Somerset laughed again.

“You seek to protect her? You?” Somerset said.

“Somerset!” Eliza protested. “Melville does not deserve such rudeness.”

“You might think differently, if you knew what I had just discovered about Melville,” Somerset said. Then, looking directly at Melville: “Well?”

“What do you want, Somerset?” Melville demanded, his voice rising a little from its amused calm.

“Do you pretend not to know to what I am referring?”

“I’m sure I could guess,” Melville said, “if you wish to quiz me again.”

“Joke away, my lord,” Somerset said. “I do not think you will find her such an easy audience once she knows.”

Melville’s mouth snapped shut. For once, he did not have a witty retort to offer.

“I wish you would cease speaking in such riddles!” Eliza said loudly. “Will you just tell me what you wish to say?”

“Would you like to, or shall I?” Somerset asked, with horrible politeness.

“My lady,” Melville said, taking a step toward Eliza and holding his hands out entreatingly, “I do have something to tell you—something I ought to have told you long ago—but you must know, it does not truly change anything between us. I still feel—”

He sent a foul look toward Somerset, as if suddenly furious to have him in the room with them.

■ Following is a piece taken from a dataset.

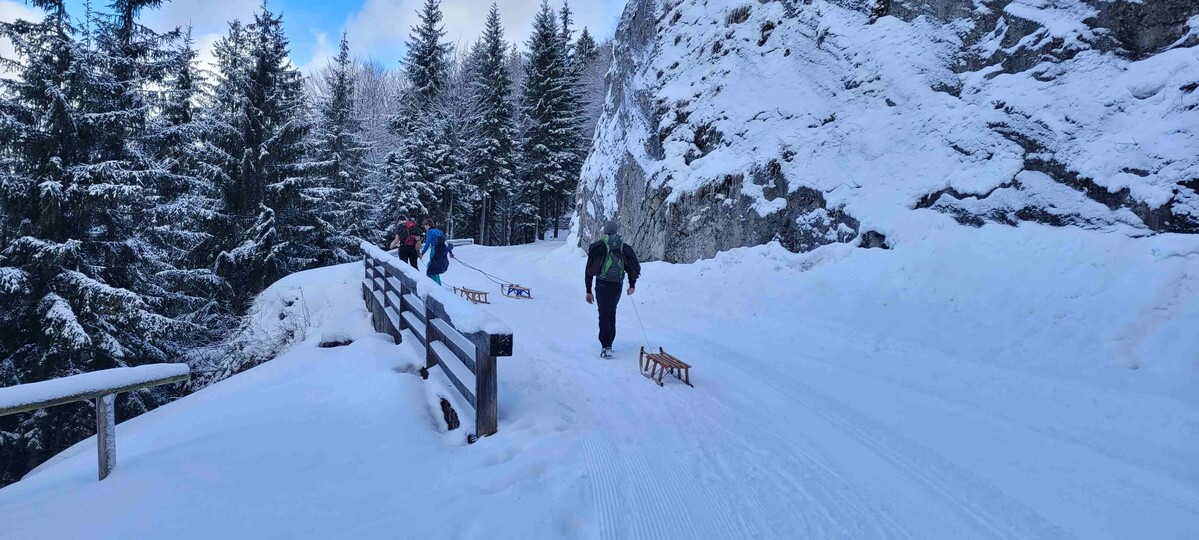 Kürzlich organisierte eine kleine Jugendgruppe der Alpenvereinsjugend Hechingen eine Rodelfreizeit in den Bayrischen Voralpen. In der Sport-Jugendherberge in Bad Tölz kam die Gruppe passend unter. Von dort aus ging es auf der ersten Tour in der Nähe von Kreuth am Tegernsee auf dem Waldweg, der gleichzeitig auch die Rodelstrecke war, zu Fuß auf die Buchsteinhütte. Die Abfahrt wechselte zwischen steileren und auch flacheren Passagen ab. Am Abend konnten dann noch die Arm- und Beinmuskulatur in der danebenliegenden Kletter- und Boulderhalle ebenfalls beansprucht werden.

“I came here tonight to—to tell you how I felt, and make a clean breast of everything,” he said, and there was a strange note of urgency in his voice. “I swear that was my intention.”

“What on earth is going on?” Eliza said slowly. She had assumed that Somerset meant to inform Eliza of Lady Paulet, but then Melville—having already referenced the affair—would surely not appear so rattled. It was the most perturbed she had ever seen him.

“Do hurry up, Melville,” Somerset said impatiently.

Melville took in a breath, then swallowed—apparently, for the very first time in his life, utterly lost for words.

“Oh, enough of this,” Somerset said impatiently. “Eliza, Melville was sent to Bath by my sister. He was employed by her to embroil you in a scandal. To ruin you.”